Ausgabe 50/2006
Steuertipp vom 14.12.2006

Vorsteuerabzug bei gemeinschaftlicher Auftragserteilung

Die Regelungen im vorliegenden BMF-Schreiben vom 01.12.2006 - IV A 5 - S 7300 - 90/06 (Seite 779 in dieser Ausgabe) werden durch folgende Beispiele erläutert:

Beispiel 1: Unternehmer U und seine Ehefrau E erwerben zu 25 % bzw. 75 % Miteigentum an einem unbebauten Grundstück, das sie von einem Generalunternehmer mit einem Einfamilienhaus bebauen lassen.

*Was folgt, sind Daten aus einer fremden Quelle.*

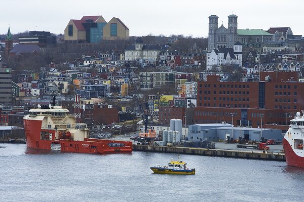 An offshore oil supply vessel docks in St John's. Newfoundland’s oil sector is several times less carbon-intensive than Alberta’s oil sands, on a per barrel basis.
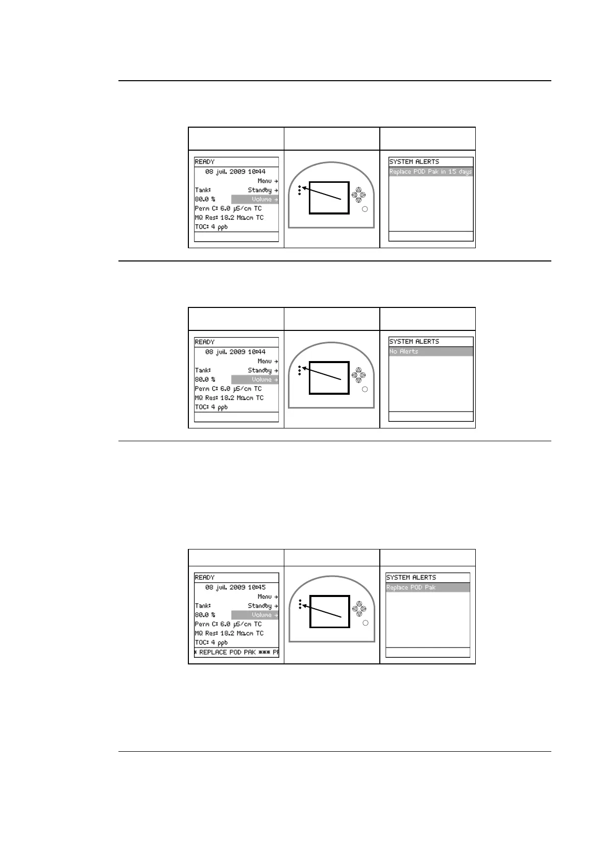 Example: Before cancelling, the Major Alert message is REPLACE POD PAK.

U nutzt im Einfamilienhaus einen Raum, der 9 % der Fläche des Gebäudes ausmacht, ausschließlich für seine unternehmerische Tätigkeit. U macht 9 % der auf die Baukosten entfallenden Vorsteuern geltend.

Durch die Geltendmachung des Vorsteuerabzugs aus 9 % der Baukosten gibt U zu erkennen, dass er seinen Miteigentumsanteil im Umfang der unternehmerischen Nutzung seinem Unternehmen zuordnet.

U kann daher unter den weiteren Voraussetzungen des § 15 UStG 9 % der auf die Baukosten entfallenden Vorsteuern abziehen.

Beispiel 2: Sachverhalt wie Beispiel 1, nur machen die durch U ausschließlich unternehmerisch genutzten Räume insgesamt 30 % der Gesamtfläche des Gebäudes aus.